**YOUR GOAL:** Images in the entries are to be skipped, and everything else is to be written out exactly.

────

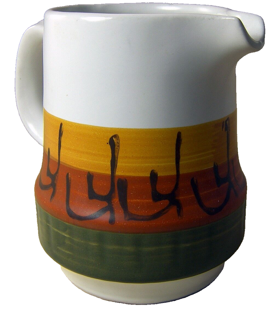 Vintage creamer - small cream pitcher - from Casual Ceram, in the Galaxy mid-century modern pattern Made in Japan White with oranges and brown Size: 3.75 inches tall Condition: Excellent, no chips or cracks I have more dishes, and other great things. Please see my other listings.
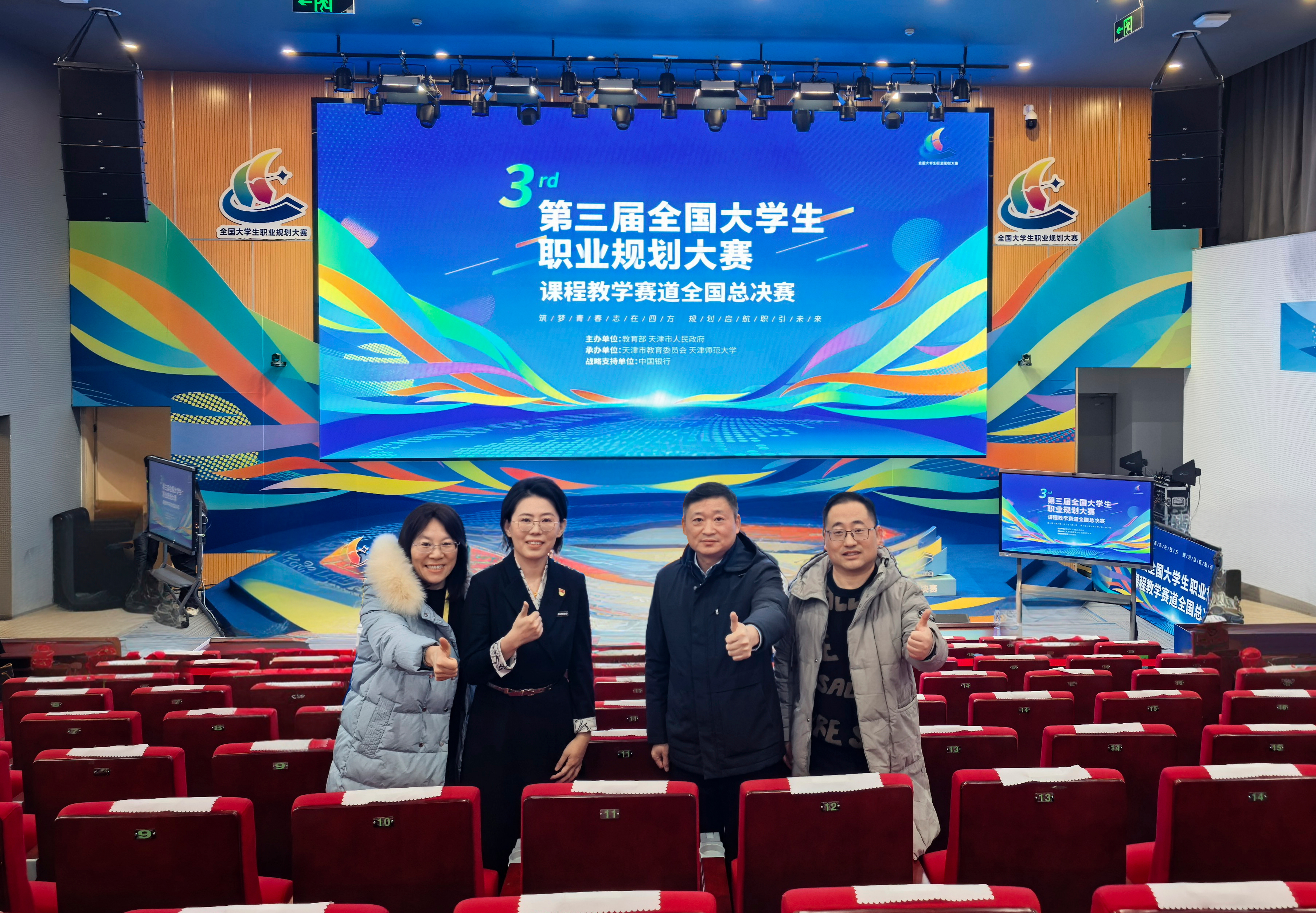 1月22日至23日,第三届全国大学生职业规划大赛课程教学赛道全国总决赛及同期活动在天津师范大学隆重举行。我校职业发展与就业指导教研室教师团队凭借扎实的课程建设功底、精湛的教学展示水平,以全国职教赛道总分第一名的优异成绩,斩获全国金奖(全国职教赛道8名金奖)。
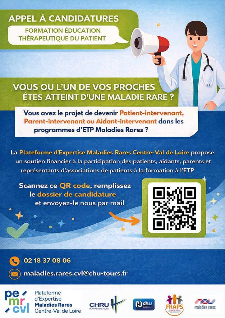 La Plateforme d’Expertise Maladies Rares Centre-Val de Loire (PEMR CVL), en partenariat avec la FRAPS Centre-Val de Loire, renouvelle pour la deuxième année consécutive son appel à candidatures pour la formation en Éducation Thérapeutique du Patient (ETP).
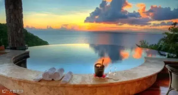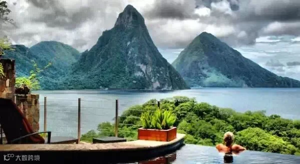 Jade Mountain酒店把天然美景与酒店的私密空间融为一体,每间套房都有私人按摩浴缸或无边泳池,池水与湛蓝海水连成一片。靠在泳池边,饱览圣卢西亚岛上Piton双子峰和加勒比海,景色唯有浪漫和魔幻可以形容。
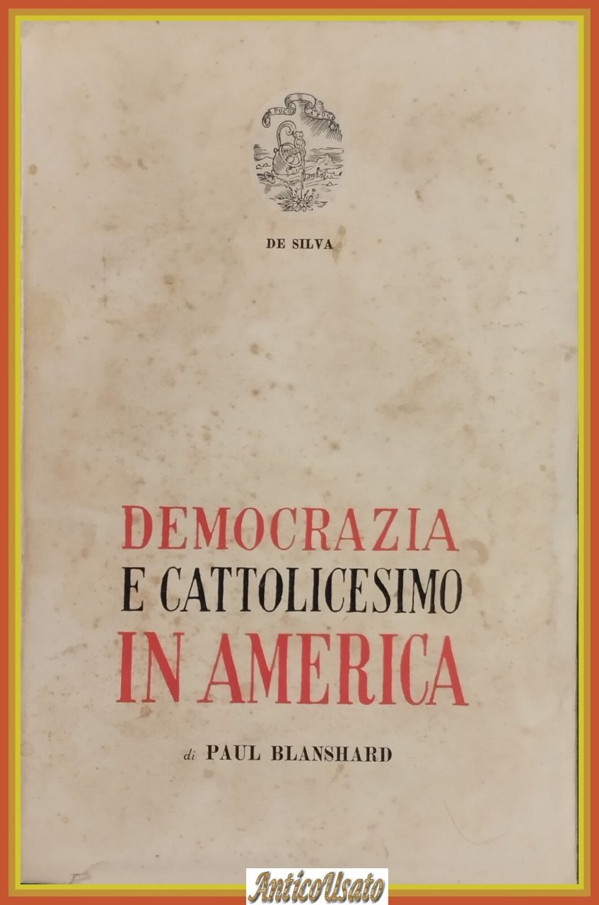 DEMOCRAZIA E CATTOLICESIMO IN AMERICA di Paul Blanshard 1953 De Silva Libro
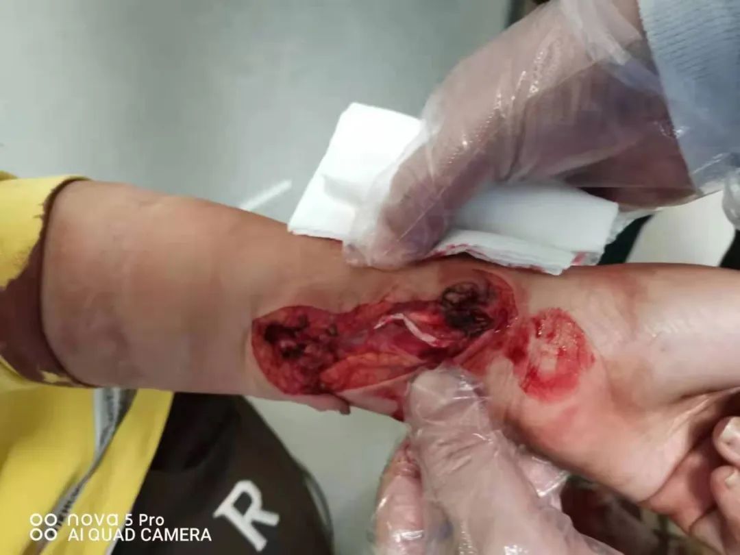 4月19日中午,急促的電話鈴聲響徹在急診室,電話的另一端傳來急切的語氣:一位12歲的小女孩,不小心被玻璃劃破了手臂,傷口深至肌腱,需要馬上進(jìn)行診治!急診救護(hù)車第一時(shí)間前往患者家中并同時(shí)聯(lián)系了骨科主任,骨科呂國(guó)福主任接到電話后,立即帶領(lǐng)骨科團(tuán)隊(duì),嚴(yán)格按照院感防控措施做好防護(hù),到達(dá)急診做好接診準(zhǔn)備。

────

**SOLUTION TO THIS PROBLEM:**
 Vintage creamer - small cream pitcher - from Casual Ceram, in the Galaxy mid-century modern pattern Made in Japan White with oranges and brown Size: 3.75 inches tall Condition: Excellent, no chips or cracks I have more dishes, and other great things. Please see my other listings.
 1月22日至23日,第三届全国大学生职业规划大赛课程教学赛道全国总决赛及同期活动在天津师范大学隆重举行。我校职业发展与就业指导教研室教师团队凭借扎实的课程建设功底、精湛的教学展示水平,以全国职教赛道总分第一名的优异成绩,斩获全国金奖(全国职教赛道8名金奖)。
 La Plateforme d’Expertise Maladies Rares Centre-Val de Loire (PEMR CVL), en partenariat avec la FRAPS Centre-Val de Loire, renouvelle pour la deuxième année consécutive son appel à candidatures pour la formation en Éducation Thérapeutique du Patient (ETP).
 Jade Mountain酒店把天然美景与酒店的私密空间融为一体,每间套房都有私人按摩浴缸或无边泳池,池水与湛蓝海水连成一片。靠在泳池边,饱览圣卢西亚岛上Piton双子峰和加勒比海,景色唯有浪漫和魔幻可以形容。
 DEMOCRAZIA E CATTOLICESIMO IN AMERICA di Paul Blanshard 1953 De Silva Libro
 4月19日中午,急促的電話鈴聲響徹在急診室,電話的另一端傳來急切的語氣:一位12歲的小女孩,不小心被玻璃劃破了手臂,傷口深至肌腱,需要馬上進(jìn)行診治!急診救護(hù)車第一時(shí)間前往患者家中并同時(shí)聯(lián)系了骨科主任,骨科呂國(guó)福主任接到電話后,立即帶領(lǐng)骨科團(tuán)隊(duì),嚴(yán)格按照院感防控措施做好防護(hù),到達(dá)急診做好接診準(zhǔn)備。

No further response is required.